# Rubik's Speed Cube lock ups?



## Kegwaan (Jan 15, 2015)

I have the rubik's speed cube, not the one you can tension, but the first version. anyway its all ways locking up. I could be a couple moves away from a full solve and then what should take me 2 seconds ends up taking 10. Is there anything I can do to prevent these lock ups?


----------



## brian724080 (Jan 15, 2015)

Get a better cube such as the Moyu Aolong


----------



## FailCuber (Jan 15, 2015)

What could you expect? It's Rubik's.


----------



## PixelWizard (Jan 15, 2015)

The Rubiks Cube isn't very good for speedcubing, there are definitely better cubes out there.
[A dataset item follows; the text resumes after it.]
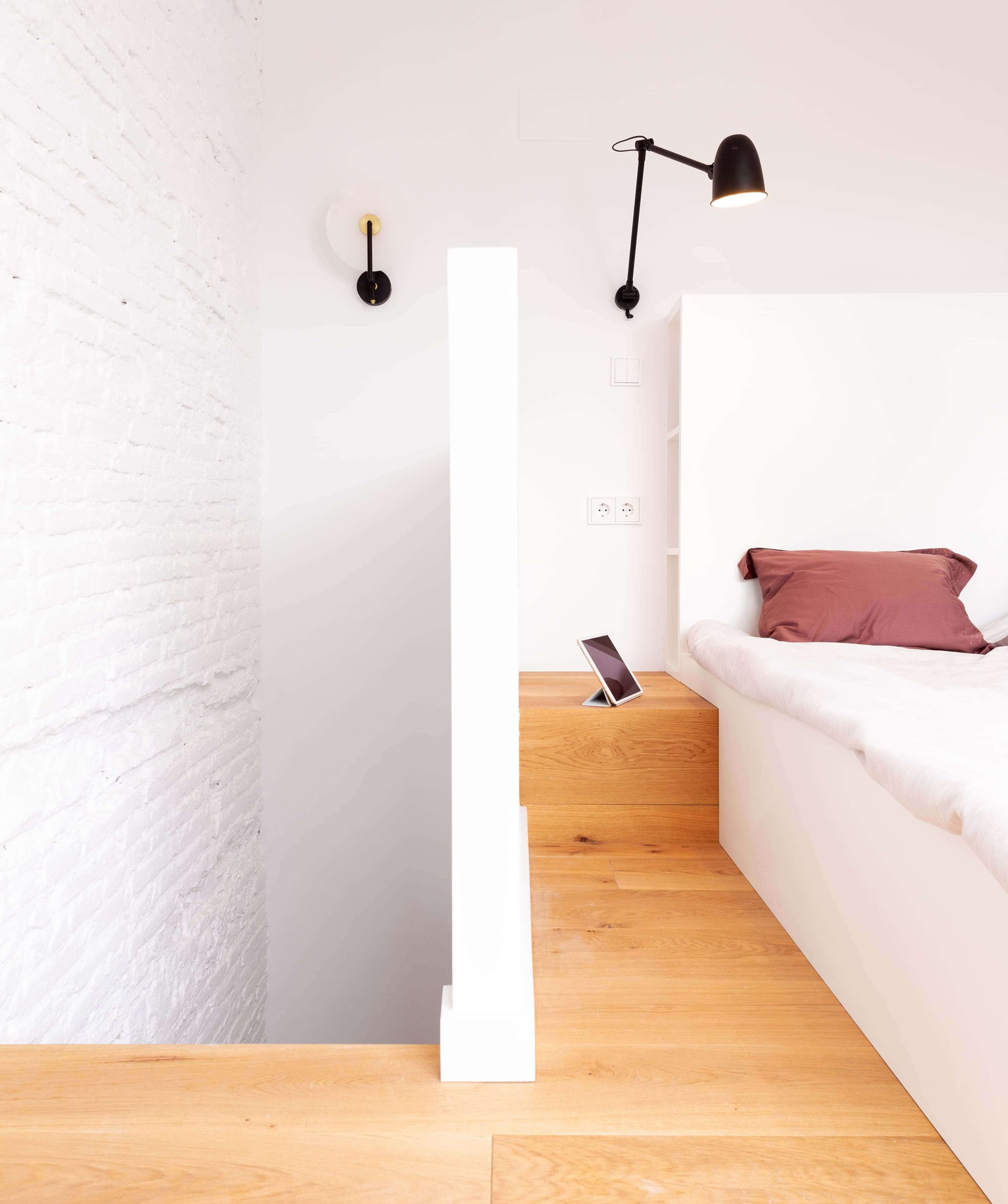 En nuestra búsqueda constante de conseguir una perfecta sintonía entre el alma del lugar y de quien la habita, hemos preparado un lienzo blanco que envuelve el espacio en toda su magnitud. Algunos muros desnudos y la estructura vista nos recuerdan la edad de la finca y los avatares por los que ha transitado. Completan la paleta cromática, grises que en ocasiones viran al azulado y toques de madera natural que confieren cálidos detalles de luz.

I recommend you to get this cheap but very good cube: http://thecubicle.us/guanlong-p-3636.html

Also welcome to the forum


----------



## dott (Jan 15, 2015)

Is there a version of the rubiks speedcube with glued centercaps? Or do you just have the normal new rubiks cube with the ballcore?
The rubiks speedcube does not suck, but its not really good ether, but they move in the right direction and i think its very cool that they got a new mechanism 
If you got a normal new version rubikscube there is not much you can do. It does not have screws, it got a glued piece of plastic instead. You can try to open the core and change the
springs, that could help a little. But i also would recommend to get a guanlong. If you order from china you can get it for 2$ with free shipping


----------



## Kegwaan (Jan 15, 2015)

I might look into that thanks


----------